- **EXTRACTED DATA**:
=====

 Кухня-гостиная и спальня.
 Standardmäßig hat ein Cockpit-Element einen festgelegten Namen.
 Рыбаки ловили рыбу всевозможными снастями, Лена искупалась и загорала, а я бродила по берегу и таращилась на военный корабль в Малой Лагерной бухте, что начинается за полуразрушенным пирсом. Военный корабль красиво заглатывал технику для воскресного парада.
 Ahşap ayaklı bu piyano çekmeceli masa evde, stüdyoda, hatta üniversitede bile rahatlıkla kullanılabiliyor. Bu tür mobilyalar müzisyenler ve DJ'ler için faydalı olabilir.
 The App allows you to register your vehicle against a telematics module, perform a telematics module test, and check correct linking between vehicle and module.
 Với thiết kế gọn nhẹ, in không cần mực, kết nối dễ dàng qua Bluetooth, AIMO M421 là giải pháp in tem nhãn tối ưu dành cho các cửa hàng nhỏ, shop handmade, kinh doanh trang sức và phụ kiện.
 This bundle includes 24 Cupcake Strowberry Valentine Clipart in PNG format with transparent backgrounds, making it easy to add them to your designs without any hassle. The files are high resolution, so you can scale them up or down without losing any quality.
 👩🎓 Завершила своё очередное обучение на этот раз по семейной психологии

=====

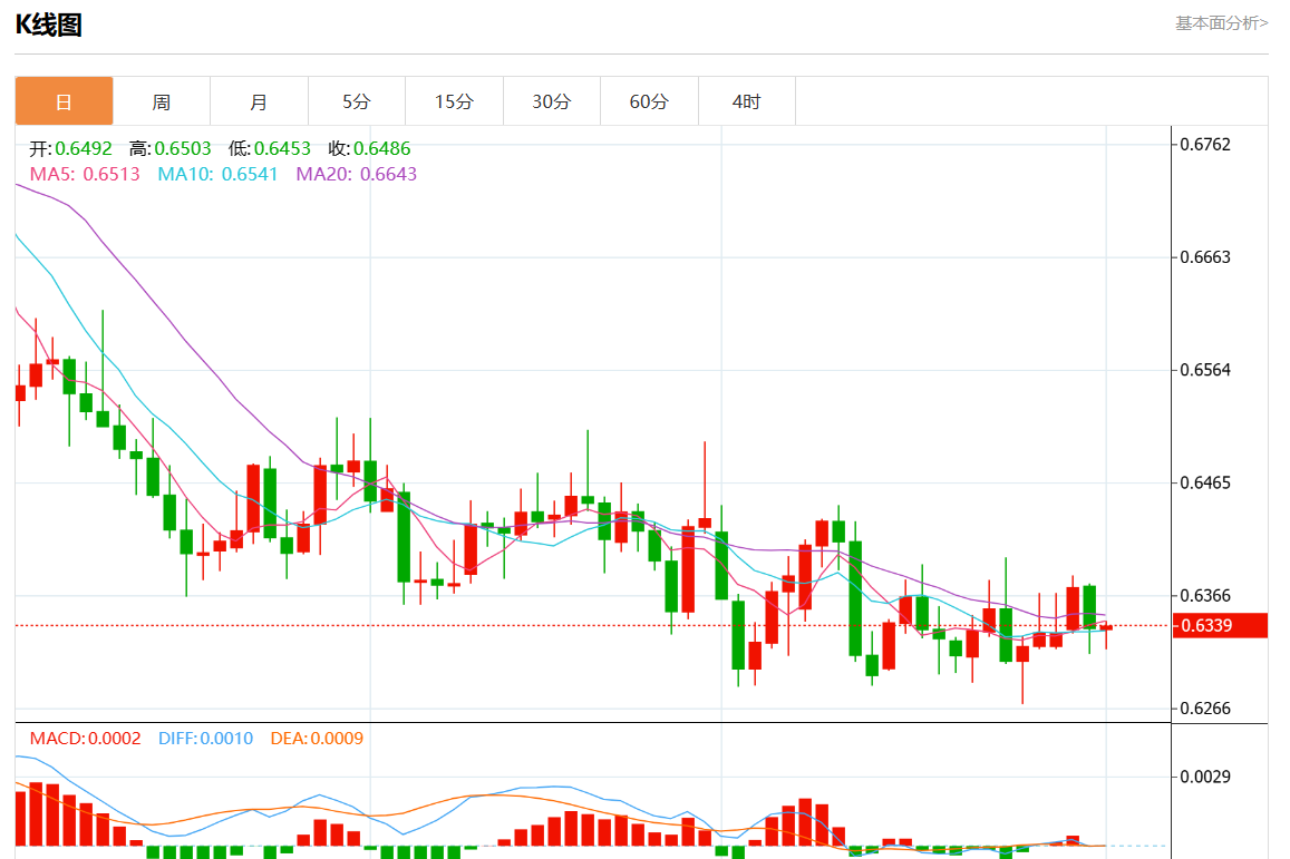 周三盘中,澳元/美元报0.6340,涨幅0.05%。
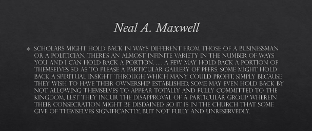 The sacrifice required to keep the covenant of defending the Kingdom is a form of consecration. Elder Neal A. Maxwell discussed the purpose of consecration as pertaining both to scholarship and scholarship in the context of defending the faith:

=====

- **WHAT YOU SHOULD DO**:
An exact copy of the lines above, from the one containing "This bundle includes" down to the one containing "по семейной психологии" and including both, is the whole answer; retype it and nothing else.

- **SOLUTION BELOW**:
 This bundle includes 24 Cupcake Strowberry Valentine Clipart in PNG format with transparent backgrounds, making it easy to add them to your designs without any hassle. The files are high resolution, so you can scale them up or down without losing any quality.
 👩🎓 Завершила своё очередное обучение на этот раз по семейной психологии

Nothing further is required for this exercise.